- **AIM OF THE TASK**
The answer is to be the data that follows, transcribed exactly, minus its pictures.

** Opening STORED DATA block **

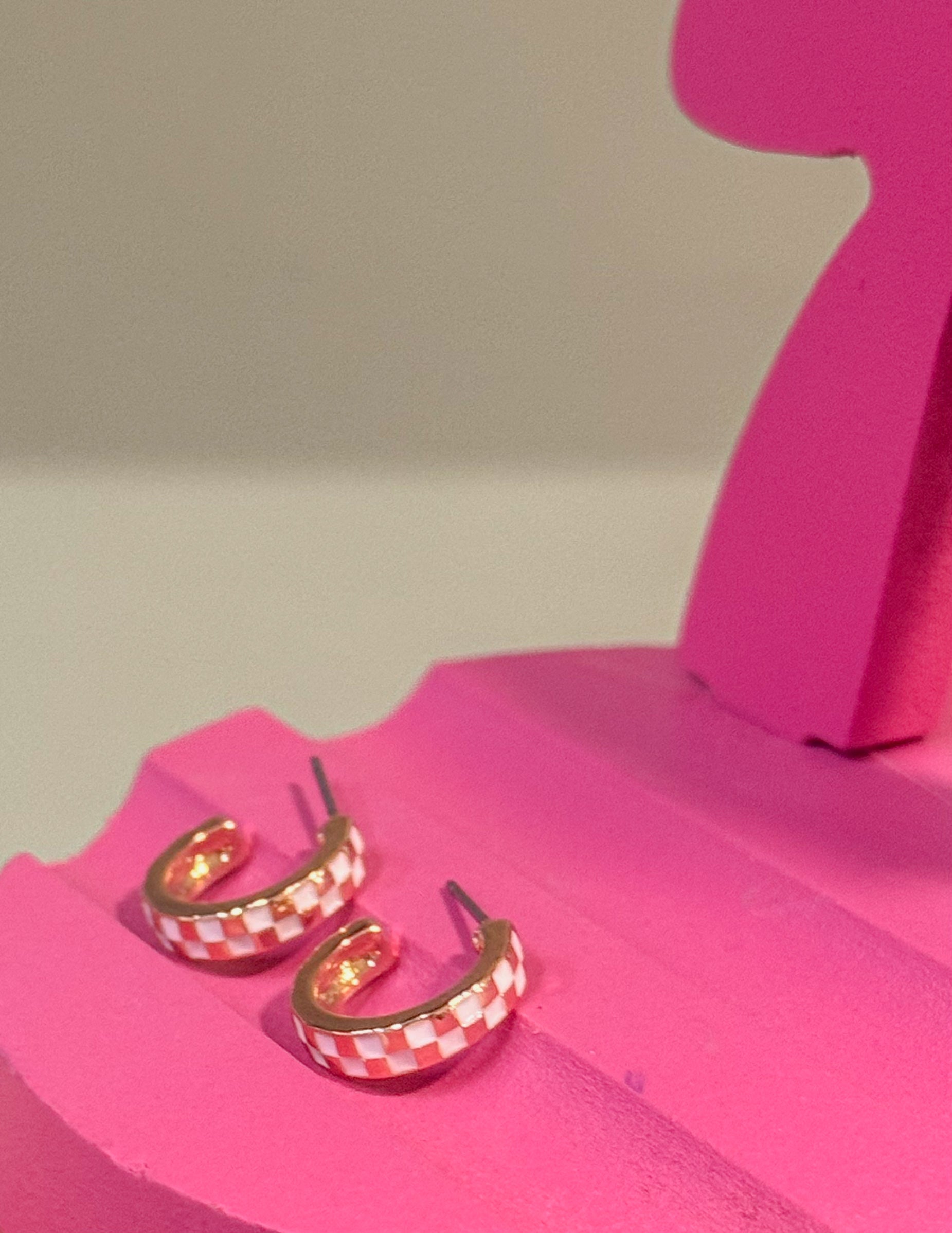 Add a little polish to your everyday look with our Mini Checkered Gold Huggies. Featuring a crisp white checkered detail set in radiant gold, these petite hoops are the perfect mix of modern and timeless. Lightweight and easy to wear, they hug the ear comfortably for an effortless, put-together finish — whether you’re headed to brunch, the office, or date night.
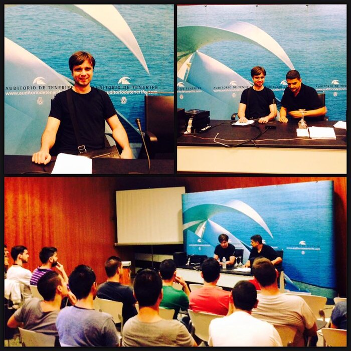 It is worth to mention that in 2013 Luminosity was used as a set-piece in the Universal Marimba Competition and from this moment his marimba compositions are included in several international competitions and are performed worldwide. The world premiere of his Double Percussion Concerto No. 1 for two multi percussionists was held during the international festival Festival de Musica Contemporanea de Tenerife in June 2015 in Spain and performed by Tuopali Duo where he also gave a lecture at the conference about his piece.
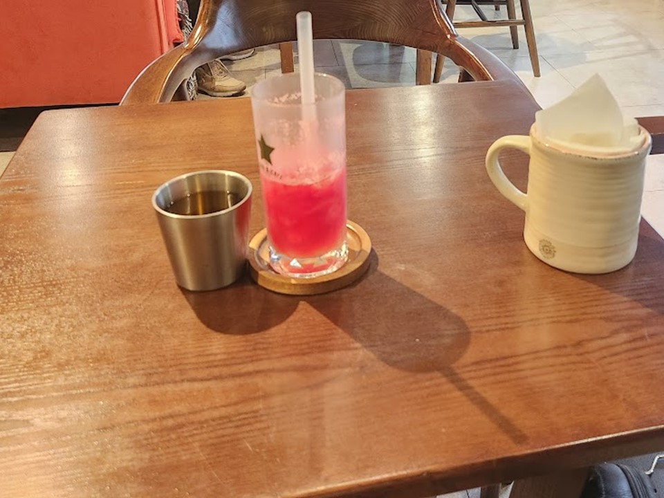 안남카페의 아아를 사서 테이블에 앉았는데 멀리 보이는 수박쥬스는 안남카페의 것이 아니고, 노스타워상가에 있는 다른 곳에서 산 것으로 3만동이었습니다.
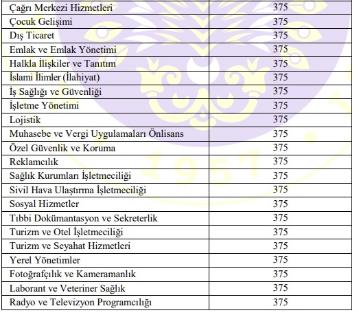 İkinci Üniversite kapsamında başvurabileceğiniz önlisans programları;

** Closing STORED DATA block **

- **RESPONSE BELOW**
 Add a little polish to your everyday look with our Mini Checkered Gold Huggies. Featuring a crisp white checkered detail set in radiant gold, these petite hoops are the perfect mix of modern and timeless. Lightweight and easy to wear, they hug the ear comfortably for an effortless, put-together finish — whether you’re headed to brunch, the office, or date night.
 It is worth to mention that in 2013 Luminosity was used as a set-piece in the Universal Marimba Competition and from this moment his marimba compositions are included in several international competitions and are performed worldwide. The world premiere of his Double Percussion Concerto No. 1 for two multi percussionists was held during the international festival Festival de Musica Contemporanea de Tenerife in June 2015 in Spain and performed by Tuopali Duo where he also gave a lecture at the conference about his piece.
 안남카페의 아아를 사서 테이블에 앉았는데 멀리 보이는 수박쥬스는 안남카페의 것이 아니고, 노스타워상가에 있는 다른 곳에서 산 것으로 3만동이었습니다.
 İkinci Üniversite kapsamında başvurabileceğiniz önlisans programları;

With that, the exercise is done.